In 2 Timothy 2, Paul told Timothy this, God's truth stands firm like a foundation stone with this inscription: "The Lord knows those who are His." I just stopped when I read that. My thoughts went to my new normal life. Most of you are all too familiar with the daily grind. But the other day I was talking to a friend about the not-so-daily part meaning the emotions that can be a struggle. We discussed the depression, anger and frustration that can lie just below the surface. Most days it is well-managed, but we have our days. I know you know.

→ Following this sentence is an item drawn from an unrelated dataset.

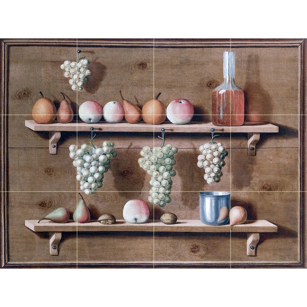 Tile Mural Apples and Nuts and Bunches of Grapes by Jean Valette-Falgores Trompe-L'Oeil Kitchen Bathroom Shower Wall Backsplash Splashback 4x3 4" Marble, Matte
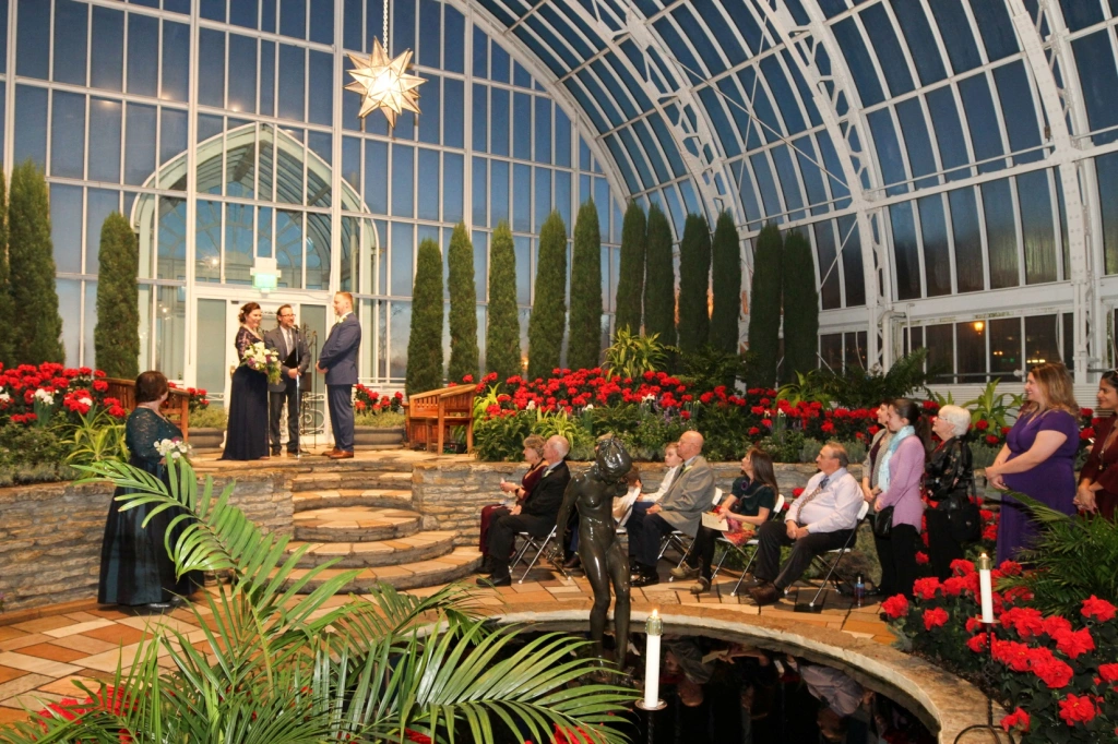 Wedding in the Sunken Garden amidst the Christmas season displays.

With this week being a bit more hectic than "normal" for us around here I just needed to get my feet back on the ground and this scripture did that for me today. I sat here and thought about the fact that I am His. And He is okay with that!

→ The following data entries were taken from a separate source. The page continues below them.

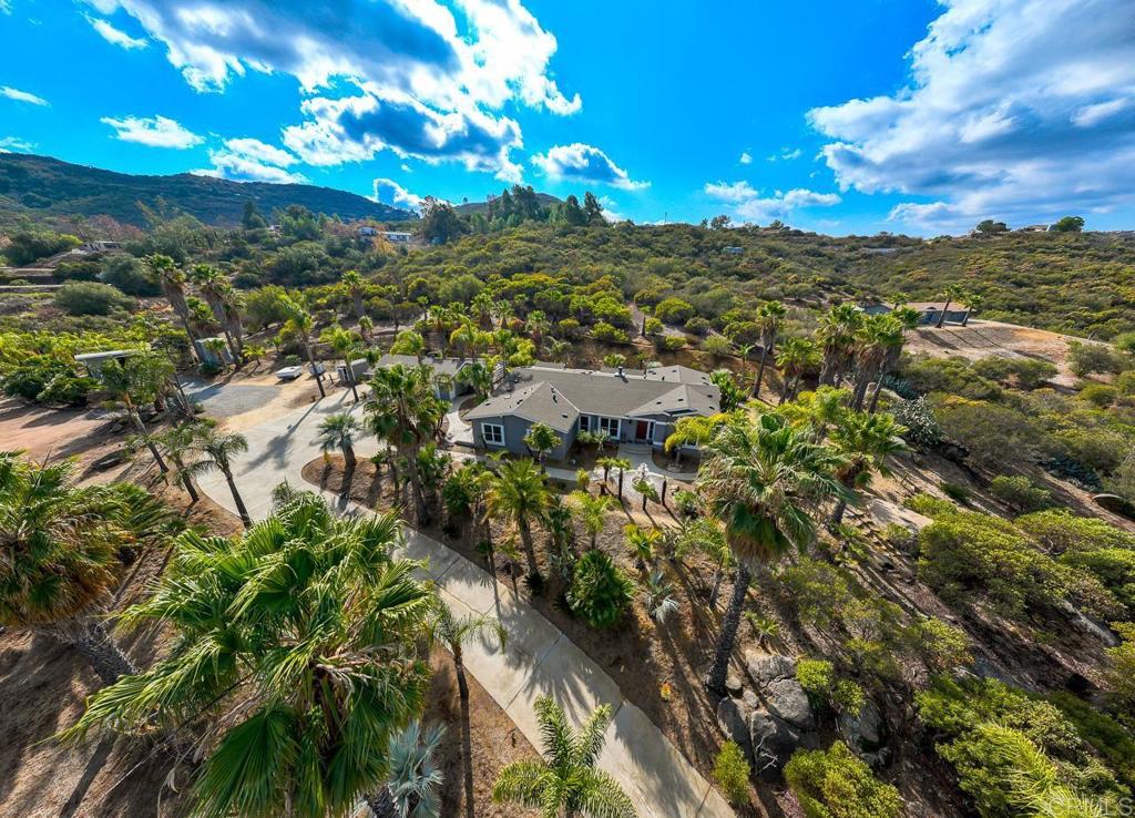 Welcome to Your Private Oasis. Enter through a private gated entrance and follow the long concrete driveway, gracefully lined with swaying palm trees. As you ascend, a breathtaking view unfolds—a pristine, flat, usable 10-acre expanse, ready to fulfill your dreams. Whether you envision equestrian facilities, gardens, or additional structures, this versatile land offers endless possibilities. At the heart of this estate stands a spacious 5-bedroom, 3.5-bath home designed with comfort, functionality, and elegance in mind. Boasting multiple living areas, an open floorplan, and soaring ceilings with skylights, this home is bathed in natural light, creating a warm and inviting atmosphere. The large master suite is a true retreat, complete with a private sitting area, high ceilings, and a luxurious ensuite bathroom. Each of the spacious bedrooms ensures ample room for rest and relaxation. For those who work from home or require a private workspace, an office with a separate entrance provides convenience and flexibility. The home is equipped with a well, septic system, and propane, ensuring self-sufficiency and reliability. Step outside to find your own private paradise—an inviting pool with a tranquil waterfall and a relaxing jacuzzi, offering the perfect place to unwind. Beyond the home, the property continues to impress. A detached 3-car garage and multiple out-buildings provide ample storage, while a dedicated gun range caters to outdoor enthusiasts. Hidden gems await as you explore, from a peaceful cave with a cozy sitting area to serene seating spots along a seasonal stream. An elevated viewpoint offers breathtaking panoramic views of the surrounding valley, making it the perfect spot to soak in nature’s beauty. This is more than just a home—it’s a sanctuary, blending luxury, tranquility, and endless possibilities. Don’t miss your chance to own this extraordinary estate!
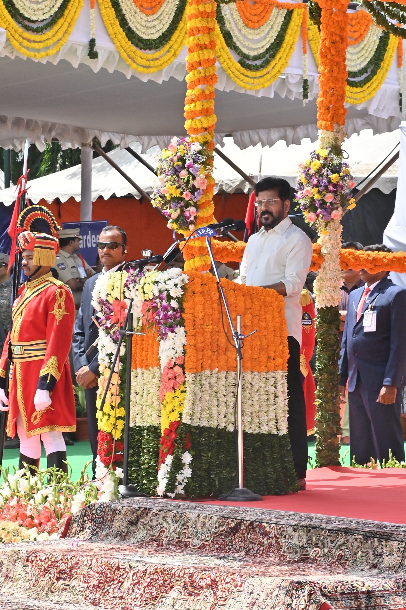 తెలంగాణ రాష్ట్ర ఆవిర్భావ దినోత్సవం సందర్భంగా సికింద్రాబాద్ పరేడ్ గ్రౌండ్స్‌లో జాతీయ జెండాను ఆవిష్కరించి సాయుధ దళాల గౌరవ వందనాన్ని స్వీకరించారు. ఈ కార్యక్రమానికి జపాన్ కితాక్యిషూ మేయర్ కజుహిసా టక్యూచీ రాష్ట్ర అతిథిగా పాల్గొన్న ఈ కార్యక్రమంలో ముఖ్యమంత్రి గారు రాష్ట్ర ప్రజలను ఉద్దేశించి ప్రసంగించారు.
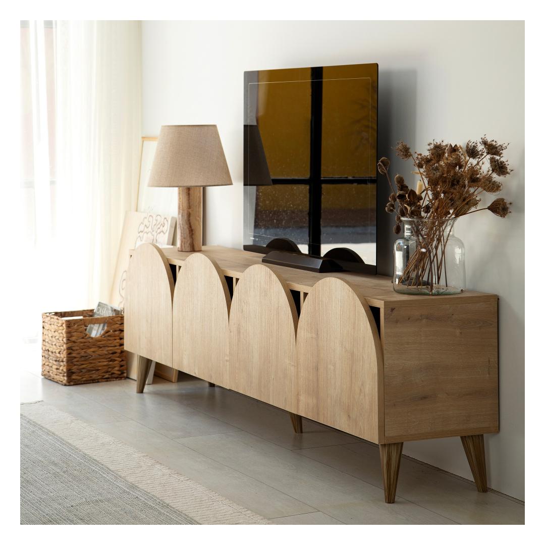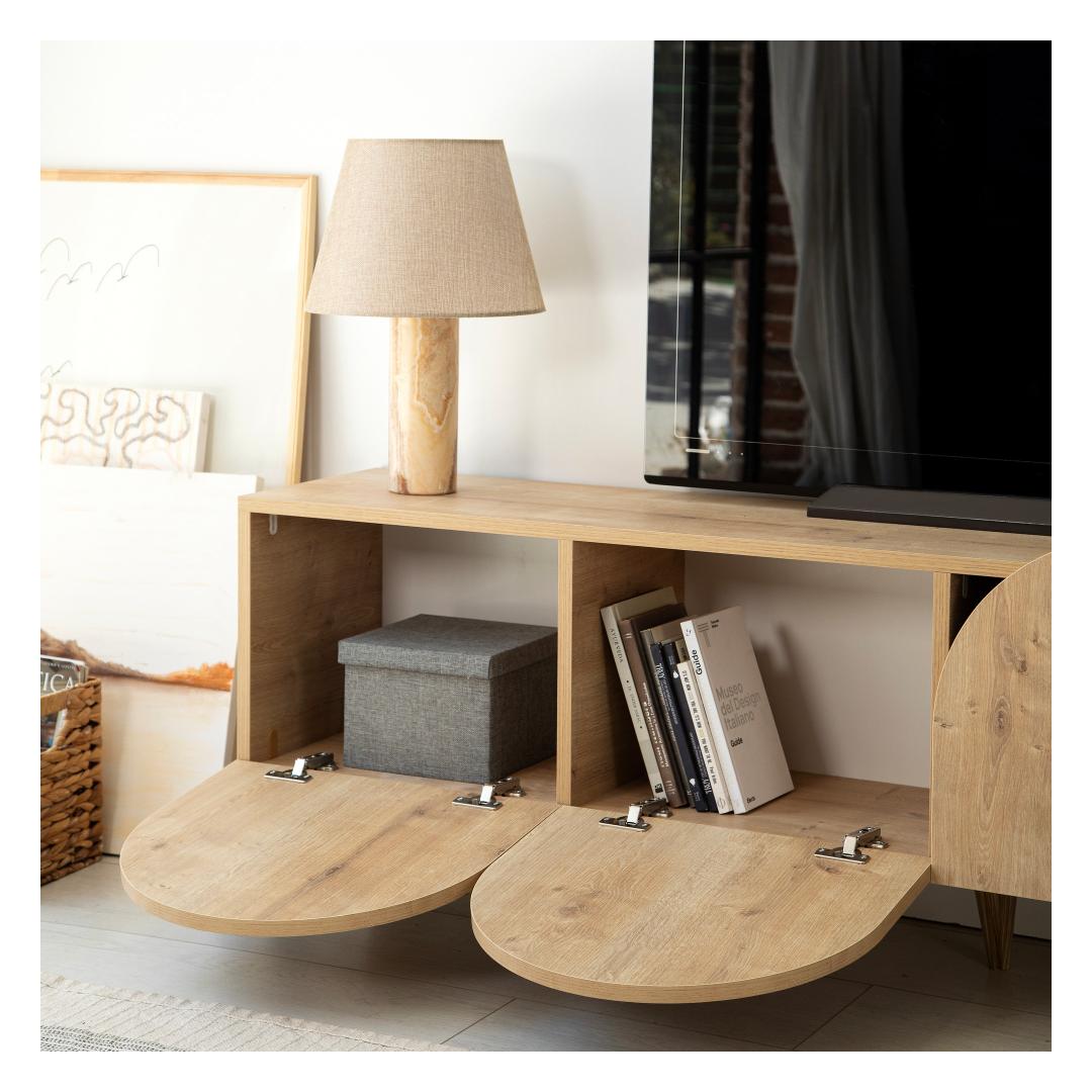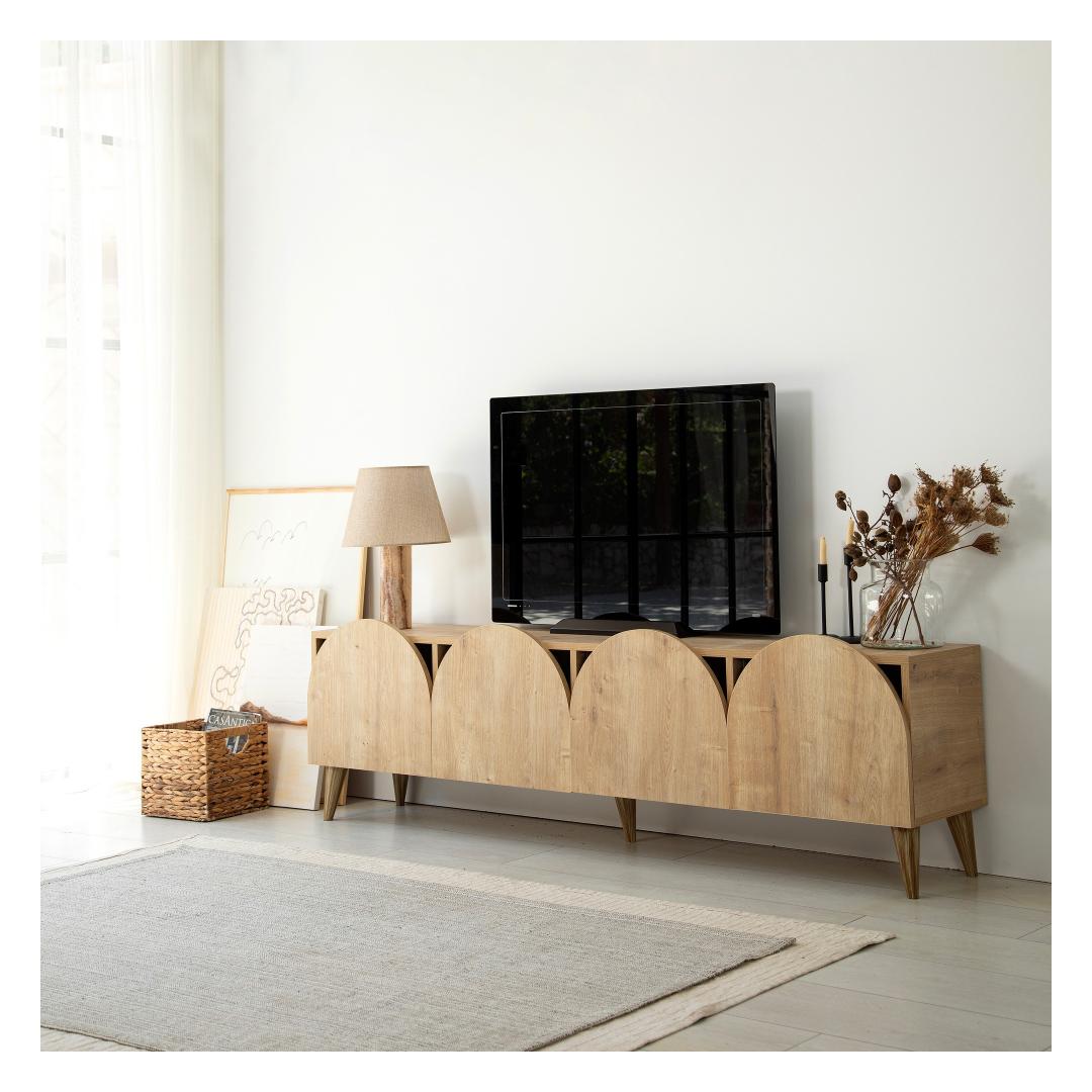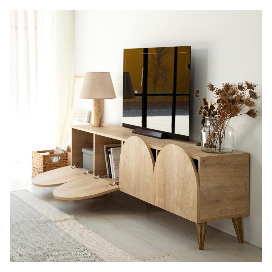 Keep your entertainment area neat and tidy with the ample storage space provided by this TV stand. The 180 cm width allows for plenty of room to display your TV and accessories, while the PVC edge bands add a polished finish to the overall look.

The caregiver's life is less than perfect. It's not the "norm" although we find our new norms. It can be ugly sometimes....can't it? I've said many times that even though people leave when life gets ugly - He never abandons us. He still looks at me... He looks at you... and proudly says, that one is mine.
In all the mess, in all the craziness, in all the pain - we are still His.
I was thinking about this and letting it settle in as I pulled up the blog to get started writing. As I was looking for a photo, I saw this one of my son and me the first time I ever took him to a race with me. I thought it was fitting because he's still mine. He doesn't speak. He doesn't do anything for himself, he is broken. But he's still mine and I'm okay with that.
God looks at us with that same compassion, gentleness and emotion. We are His no matter how broken we may feel or how un-normal our lives seem. He still looks at us with love and fondly says - with a twinkle in His eye - this one is mine.
Today I am going to think about how I am His and He doesn't want out of the deal. Just like I accept my kids no matter what, unconditionally, He accepts me. My meditation will be on His unconditional love, compassion and watchfulness over my soul. I'm going to think about how I'm His and how He will never, never, never let go - He's content that I am His and so I am. I'll embrace the comfort that comes with those thoughts and I'll rest in Him for one more day. Will you join me?